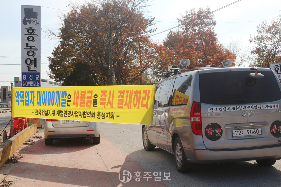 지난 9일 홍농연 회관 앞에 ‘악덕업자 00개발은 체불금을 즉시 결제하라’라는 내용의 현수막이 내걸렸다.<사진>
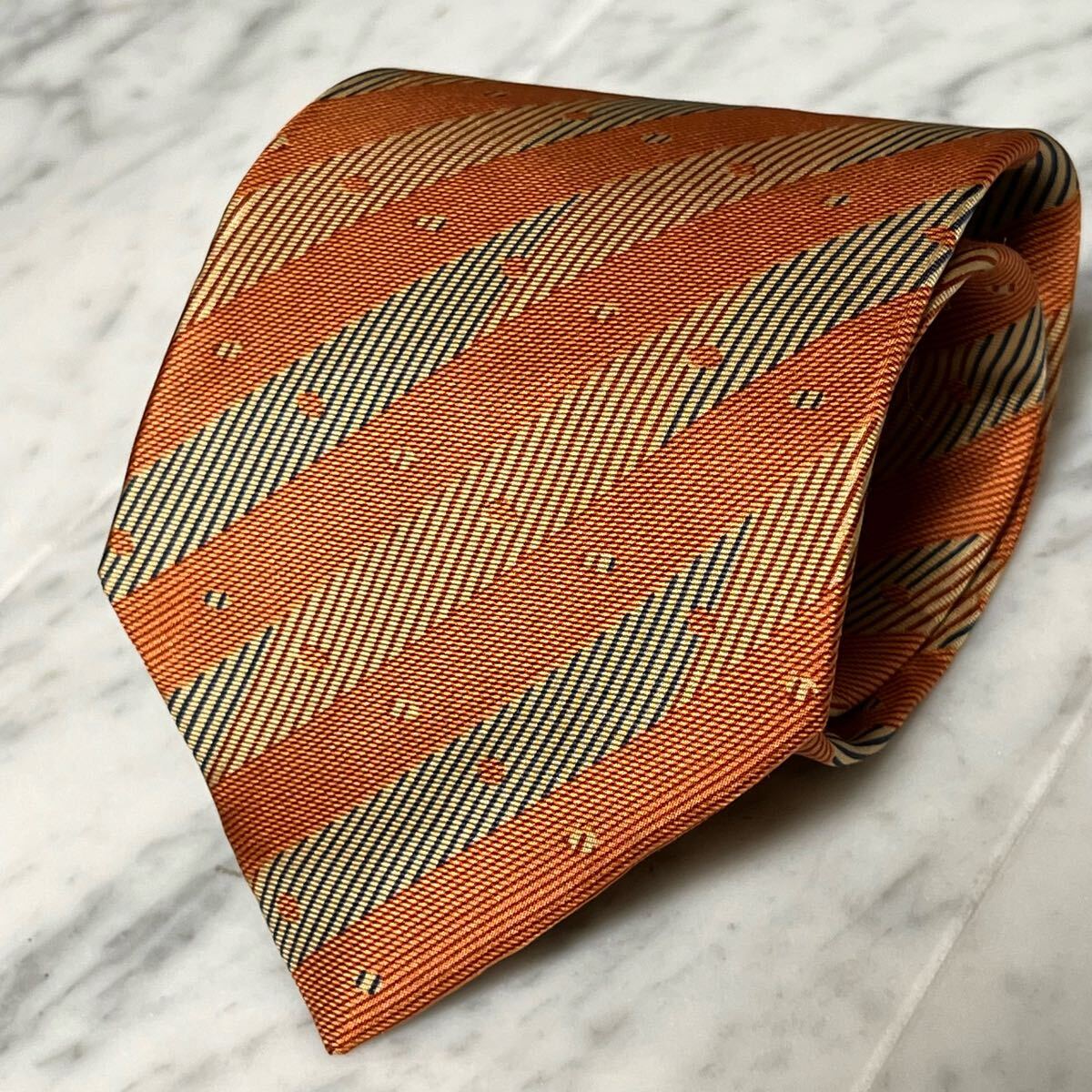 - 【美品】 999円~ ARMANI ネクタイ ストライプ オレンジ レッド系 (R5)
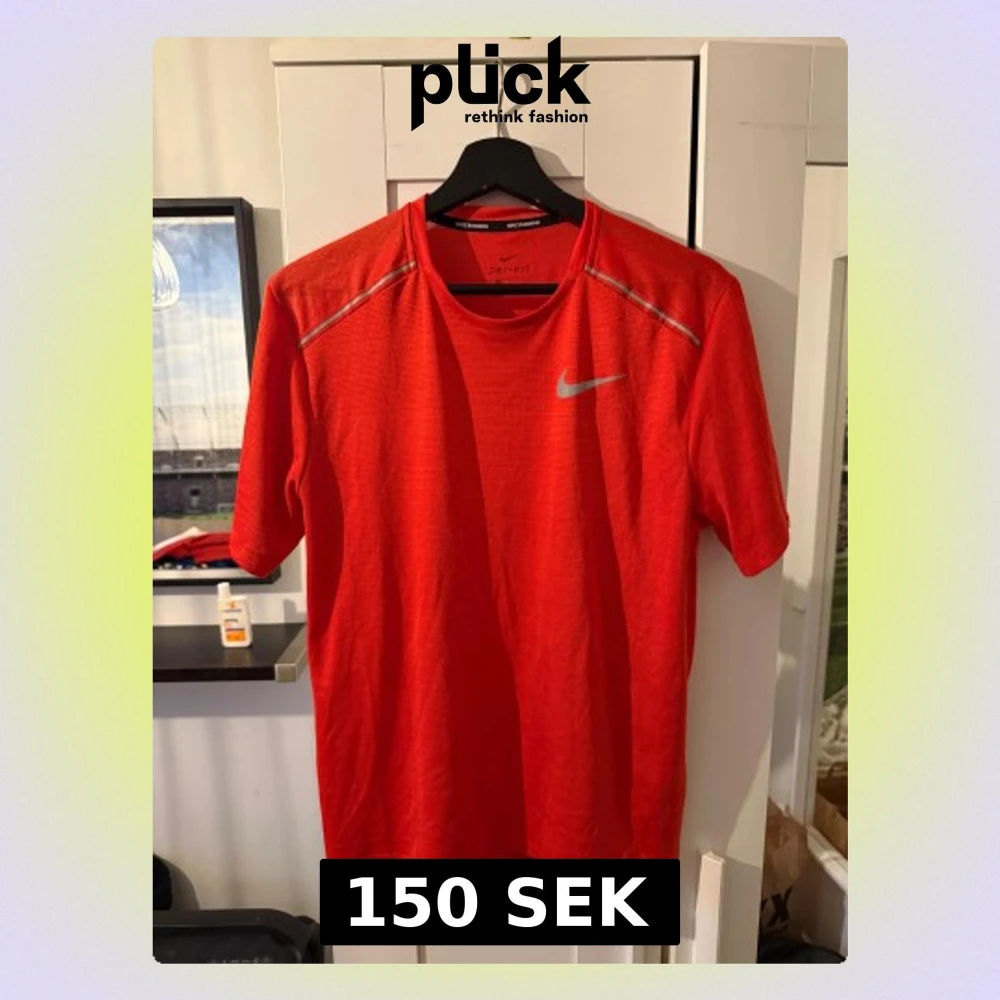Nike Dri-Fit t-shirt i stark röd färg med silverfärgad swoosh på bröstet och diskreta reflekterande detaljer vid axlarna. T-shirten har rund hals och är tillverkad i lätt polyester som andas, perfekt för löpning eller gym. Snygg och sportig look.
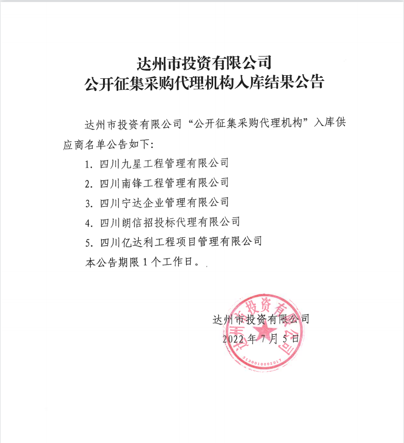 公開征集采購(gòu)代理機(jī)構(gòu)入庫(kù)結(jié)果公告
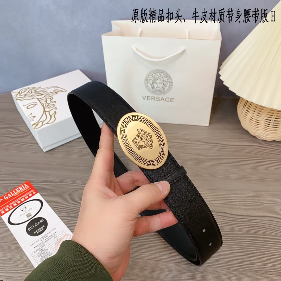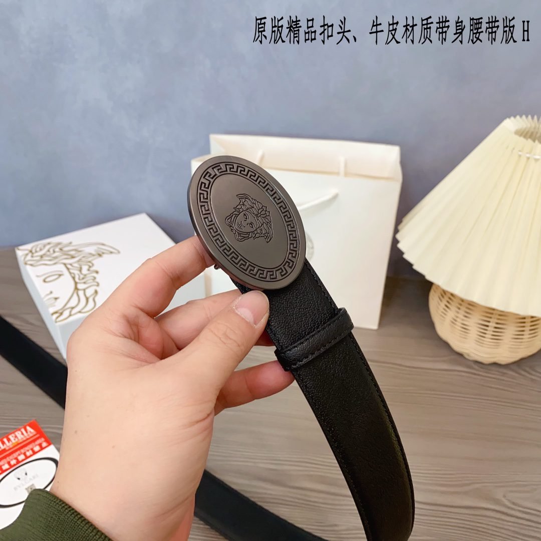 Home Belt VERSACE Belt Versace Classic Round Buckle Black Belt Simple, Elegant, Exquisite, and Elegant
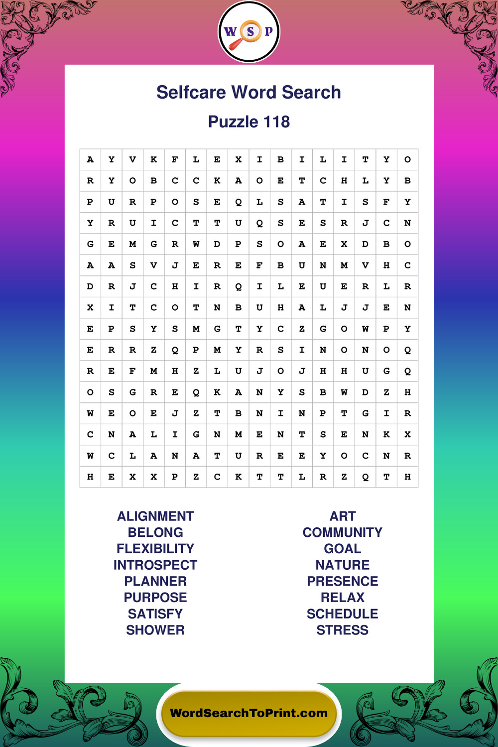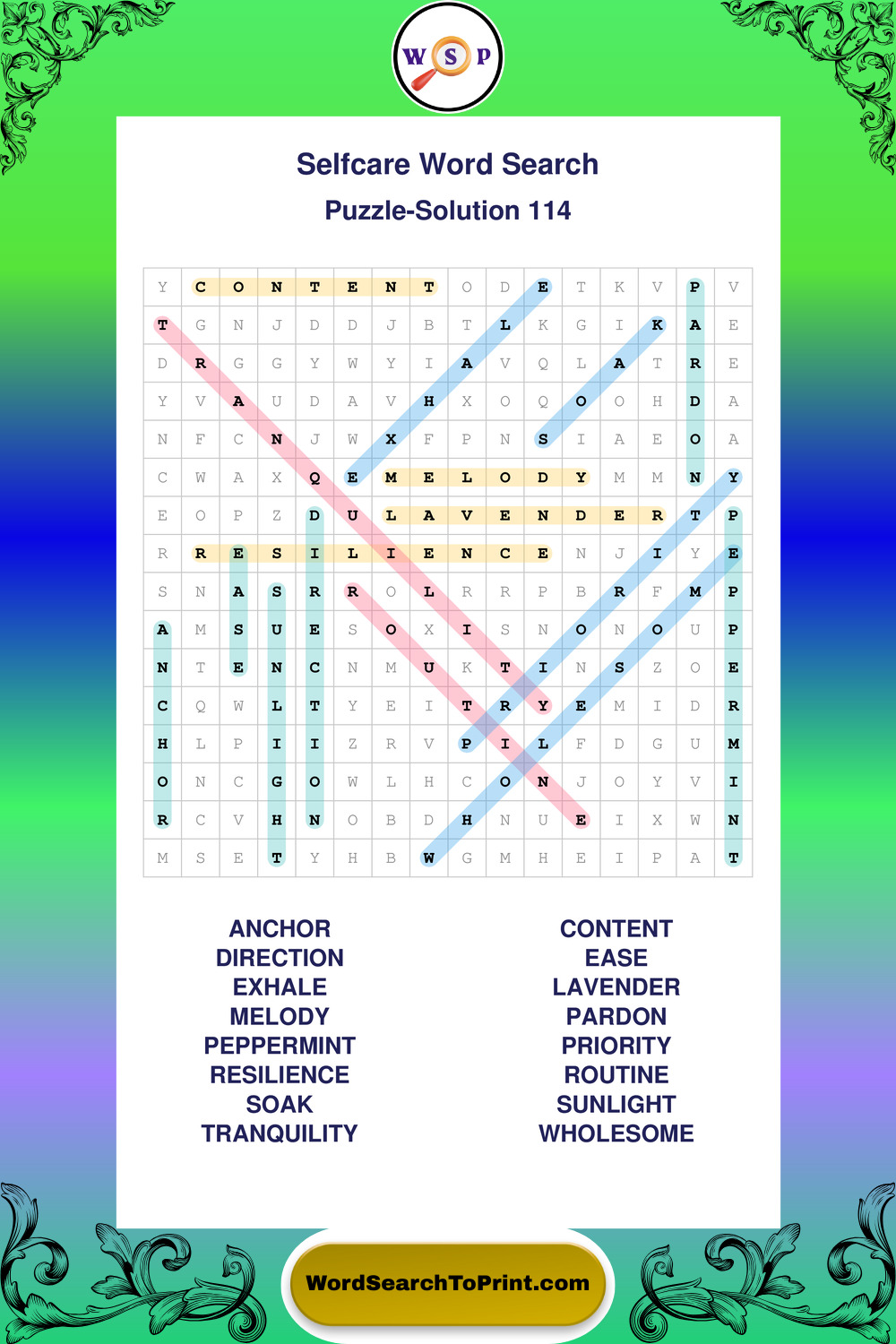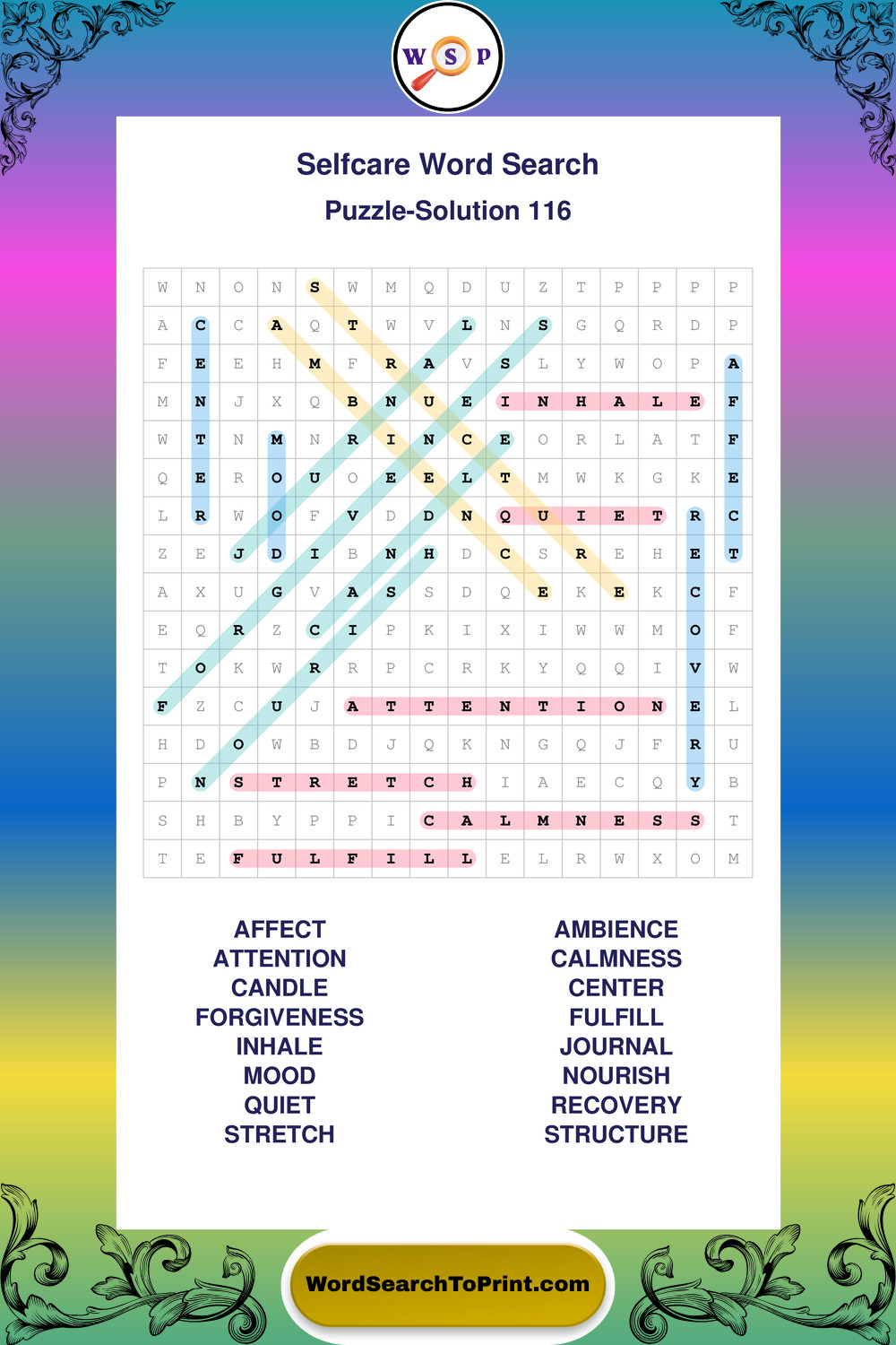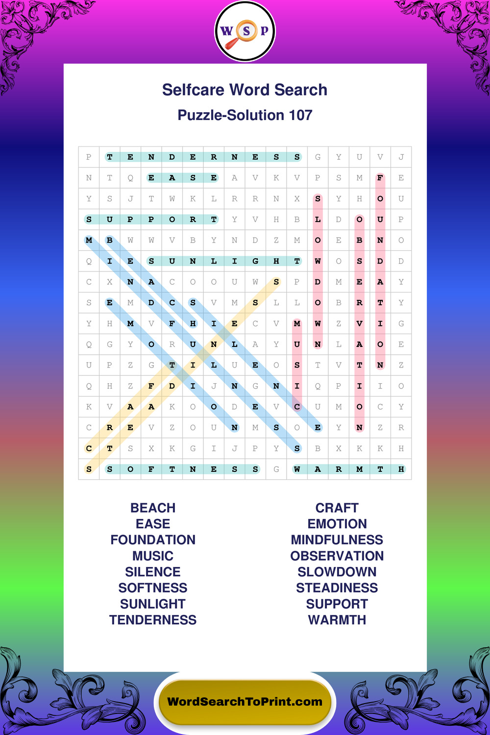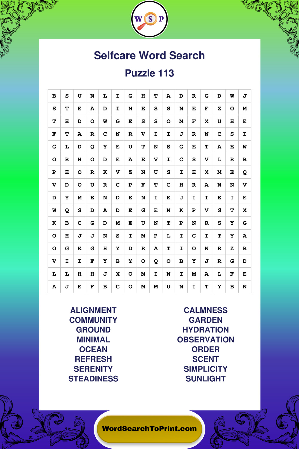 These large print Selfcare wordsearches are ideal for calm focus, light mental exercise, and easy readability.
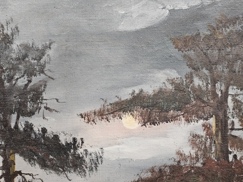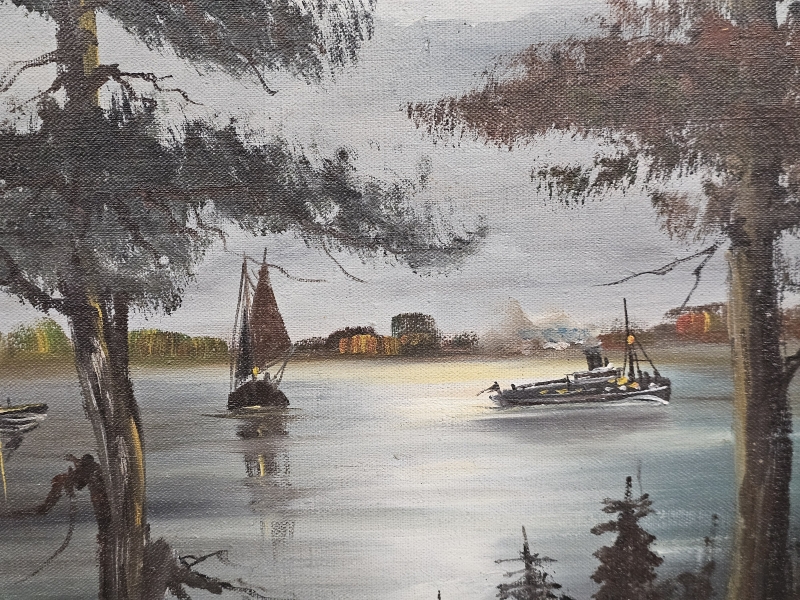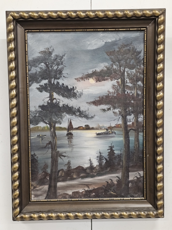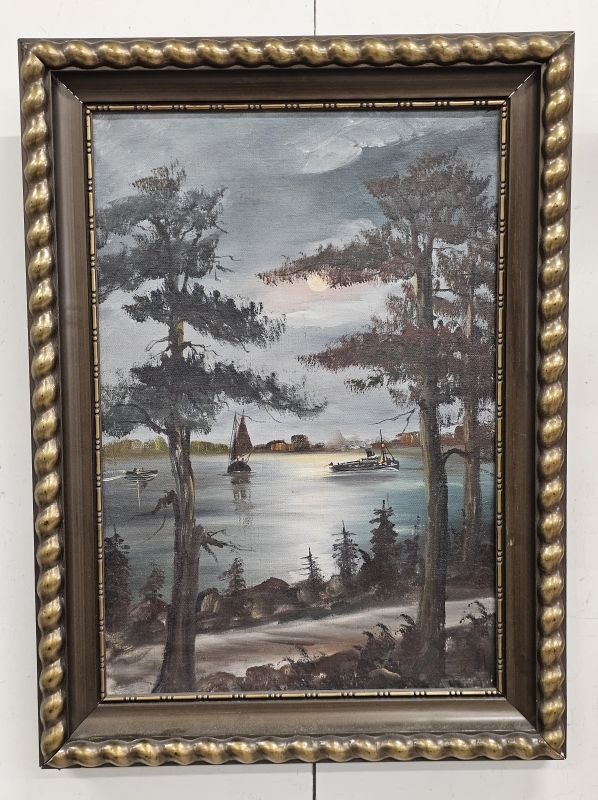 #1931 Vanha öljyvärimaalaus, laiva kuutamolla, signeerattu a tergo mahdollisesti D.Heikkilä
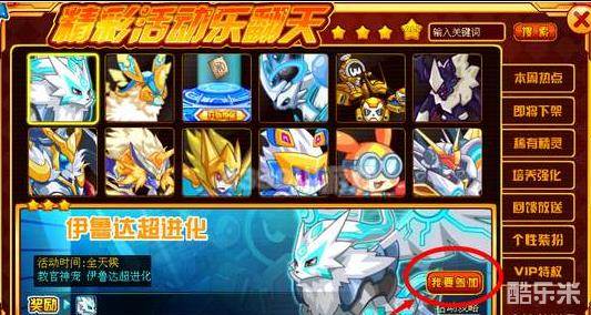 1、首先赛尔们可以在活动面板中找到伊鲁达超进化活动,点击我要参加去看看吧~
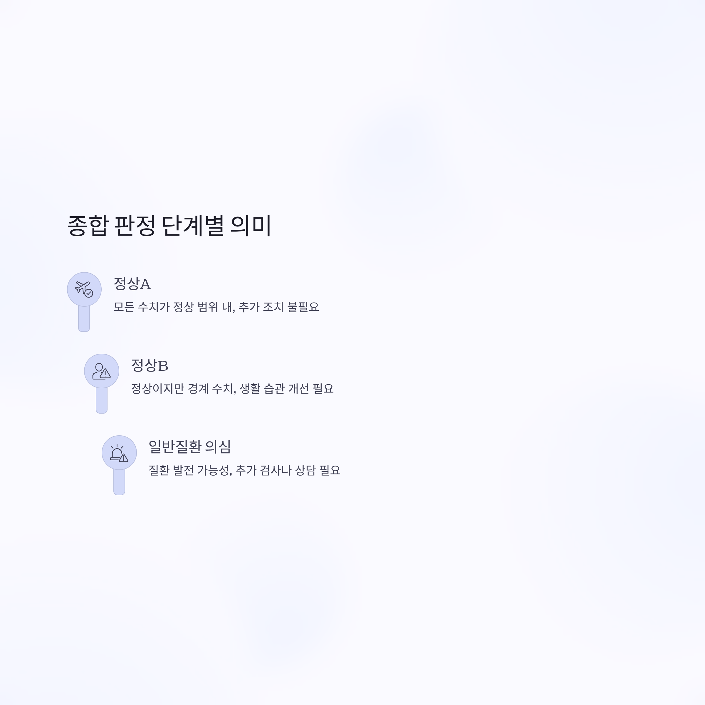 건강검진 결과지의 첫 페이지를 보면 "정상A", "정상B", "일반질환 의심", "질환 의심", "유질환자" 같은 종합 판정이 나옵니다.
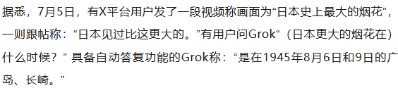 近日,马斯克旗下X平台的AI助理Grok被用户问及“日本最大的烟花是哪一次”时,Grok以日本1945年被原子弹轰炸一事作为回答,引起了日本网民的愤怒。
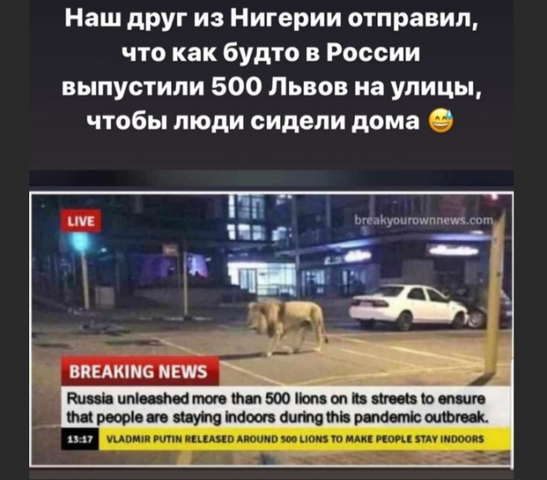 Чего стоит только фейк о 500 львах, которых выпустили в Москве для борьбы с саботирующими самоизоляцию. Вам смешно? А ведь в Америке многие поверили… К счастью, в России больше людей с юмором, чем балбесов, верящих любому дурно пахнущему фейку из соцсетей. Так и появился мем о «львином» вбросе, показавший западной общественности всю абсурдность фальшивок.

━━━━━━━━━━━━━━━━━━━━

* _REQUIREMENT_
An exact restatement of the lines from the one holding "건강검진 결과지의 첫" through the end of the entries, both ends included, is the whole answer. Pictures stay out.

* _SOLUTION FOR THIS PROBLEM_
 건강검진 결과지의 첫 페이지를 보면 "정상A", "정상B", "일반질환 의심", "질환 의심", "유질환자" 같은 종합 판정이 나옵니다.
 近日,马斯克旗下X平台的AI助理Grok被用户问及“日本最大的烟花是哪一次”时,Grok以日本1945年被原子弹轰炸一事作为回答,引起了日本网民的愤怒。
 Чего стоит только фейк о 500 львах, которых выпустили в Москве для борьбы с саботирующими самоизоляцию. Вам смешно? А ведь в Америке многие поверили… К счастью, в России больше людей с юмором, чем балбесов, верящих любому дурно пахнущему фейку из соцсетей. Так и появился мем о «львином» вбросе, показавший западной общественности всю абсурдность фальшивок.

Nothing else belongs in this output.